Interview

Manchester By The Sea Stars Kyle Chandler and Lucas Hedges Discuss Their Experience On The Film

manchester_by_the_sea

One of the most talked and buzzed about films opens this weekend in Canada, and it’s not your typical November blockbuster. It’s a heartfelt drama directed by Kenneth Lonergan about an uncle played by Casey Affleck forced to look after his nephew after his brother suddenly dies of a heart attack. The film has been praised by critics, and during its run at TIFF we had a chance to sit down with two of the stars of the film, Kyle Chandler, who plays the deceased dad in flashbacks, and Lucas Hedges, who plays his son.

Real Style: What did you think about the script when you first read it?

Kyle Chandler: I was in a hotel room in New York. I got the script. I read it twice. I was amazed by it that I had to read it twice. I met Kenny the next day, had lunch with him, hoped I got the part. He asked me to join on-board and that’s where I am now. I’m so, so happy that I was a part of it. And to jump to the end, when I first saw the film, I had no idea at all that it could possibly be as wonderful as it was. And that’s that. 

Lucas Hedges: I wasn’t approached to do the movie. I wasn’t asked to do the movie. I had to audition, like, five times. I thought I wasn’t going to get it. I knew from the moment that I read the script that this kind of a part is extremely rare. I’m very new to this but I’ve been around long enough to recognize a special script and a special part.

Real Style: People are saying that this is a break out role for you Lucas. How does that feel so early on in your career to have done the role where people are like, “This is it! It’s time to watch this guy all the time now.”

Lucas: It doesn’t really feel real. What’s exciting for me is that it might allow me to keep working. I’ve gotten two movies because of it already and hopefully I’ll get more. That would be amazing.

Real Style:What did you learn while making this movie?

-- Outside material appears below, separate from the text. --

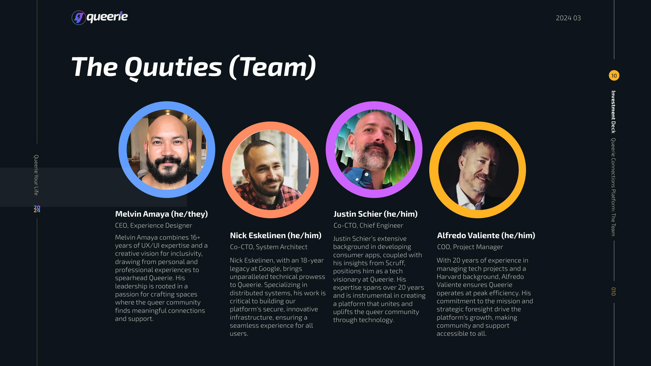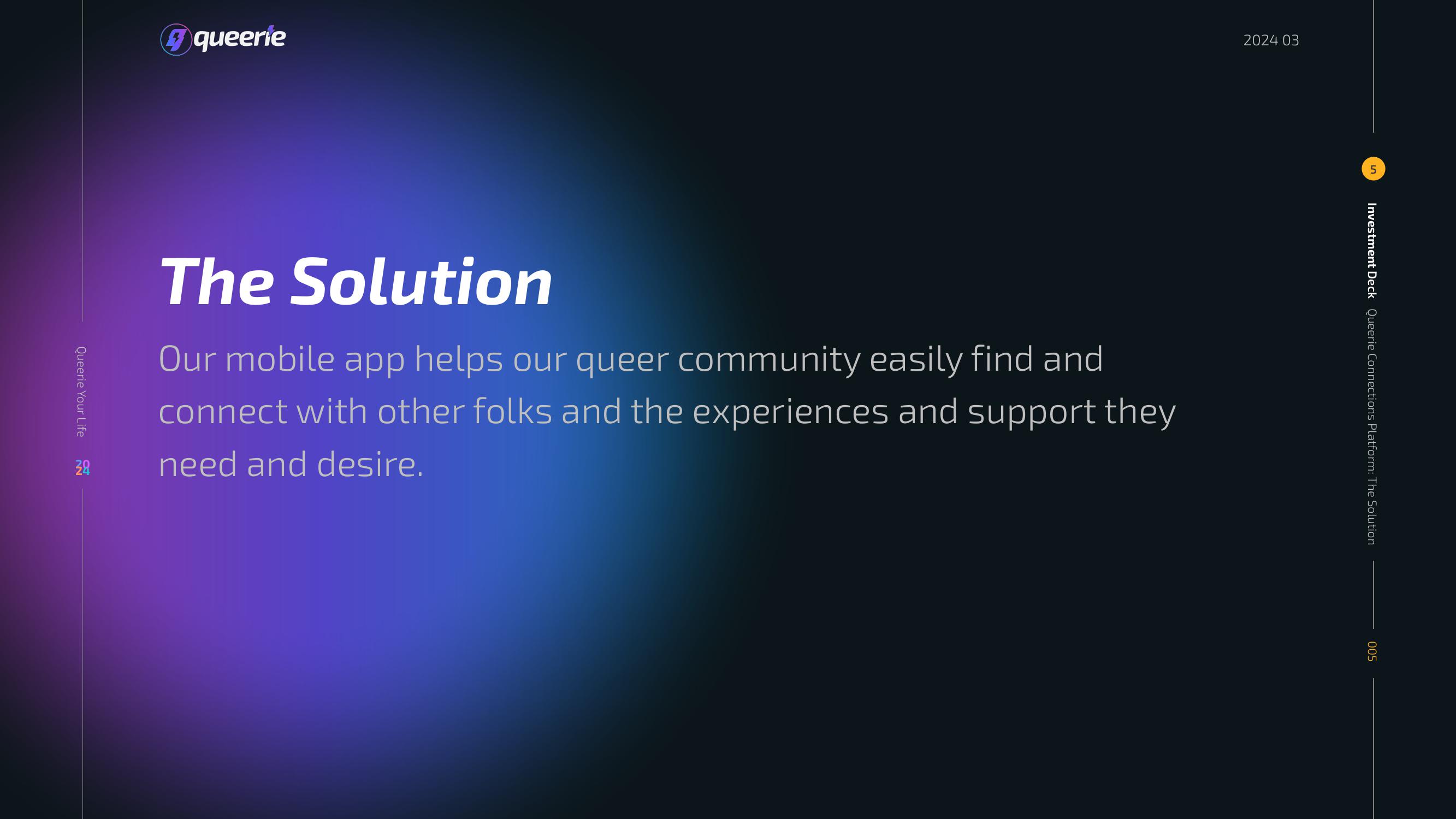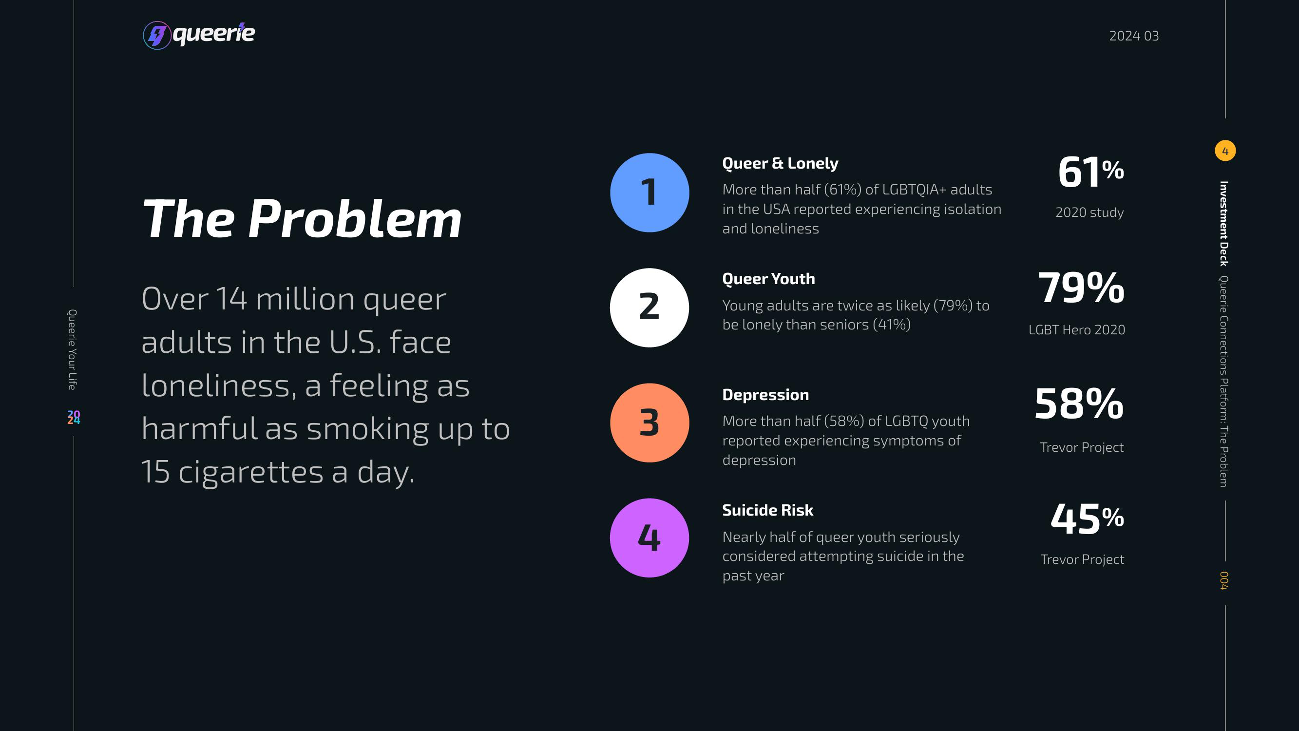 This deck introduces Queerie, a connections platform built to combat loneliness and isolation in the LGBTQIA+ community by helping queer individuals find meaningful relationships, events, and support networks. It outlines the scale of the problem, particularly among queer youth, and presents Queerie’s mobile app as a cost-effective, inclusive, and community-focused alternative to mainstream dating platforms. The deck highlights market size, early traction with beta testers, customer demand surveys, and a team with deep technical and design expertise, while detailing a $300k pre-seed raise to complete the app, grow to 3,000 premium subscribers, and expand into additional U.S. cities.

Lucas: You learn from doing and you learn from experiencing what it feels like to be present and lost in the moment with another artist. I went to places that I’ve never been before in this movie with Casey.

Real Style: How much did you guys have to try to get into the role as a family and how much of that came naturally as colleagues?

Lucas: I believed going into it that I needed to get into the role and dive into something. When I came in for the first audition, I was playing the scene extremely emotionally and I remember listening to music before going into the audition, trying to get myself into this state that I thought represented Patrick and his struggle. But the work I did with Kenny over the course of the audition process and the shooting was actually getting it out of my head that I had to get into something and to actually just play the scene and play the banter. The heart of my character is not like something you have to dive into, it’s just something you play and it’s actually simpler. I didn’t need to over complicate it.

Real Style: One of the things that’s really strong about the film is the balance of humour and tragedy. Was that evident on the page?  Was that human balance there?

Kyle: Yep, totally. That’s something that was so exciting about the script. It covered everything. It left spaces, you could tell, for different actors to find different things. It had everything. You had to figure it out. I realized that I didn’t have to do anything besides follow what was there because it was already crafted. Sometimes that’s the hardest thing is to not do anything, but just to trust what’s on the page. Normally, I’m the opposite, I’m writing down, “Oh, this would be a better line.” But this was done by a playwright and it was meticulously put together.

Real Style: What was Kenneth Lonergan like as a director in terms of his style in comparison to other directors that you’ve worked with?

Lucas: Kenny loves to be surprised. He loves it when something happens that he didn’t see coming. There is such a close attention to detail in his writing that is also true in his directing. It might just be the attention to detail is not typical.

Kyle: He’s very meticulous in all the best ways. Sometimes, to work with someone like that is the worst experience in the world because it will drive you nuts as an actor. But Kenny let us off the reigns a little bit. He let us fill in the spaces so everything came together. But it is his mind he’s getting what he wants.  And he sees everything. He sees what’s underneath everything and he knows how to present that. You’re not quite sure either when you’re getting direction from him. It was a revelation in the end that “Oh, that’s what he was doing.” 

Real Style: What was it like for both of you working with heavy weights like Michelle Williams and Casey Affleck?

Lucas: For me, it was incredibly intimidating and still kind of is intimidating. Once we really got into the filming that faded away and it just felt like we were in some weird town in Massachusetts. But it was really intimidating at first, especially because we were using Boston accents. I’m from Brooklyn, I’m not a Boston actor like Casey is.

Kyle: It’s the same. You know, you meet the actors. Everyone’s a little nervous when you all get together and meet the actors, meet the director. But once you get on set, then it’s like a sport. You’re playing a game, everyone’s equal and that’s where it’s fun.

Real Style: The movie takes place in winter. Kyle I know you’re accustomed to filming in very cold temperatures having done Early Edition. What are the tricks that an actor can use to try not to look so cold on camera? Or to try and not let people know you’re not that cold?

Kyle: Maybe a whiskey in your back pocket. That would be number one. I think most actors would agree to that.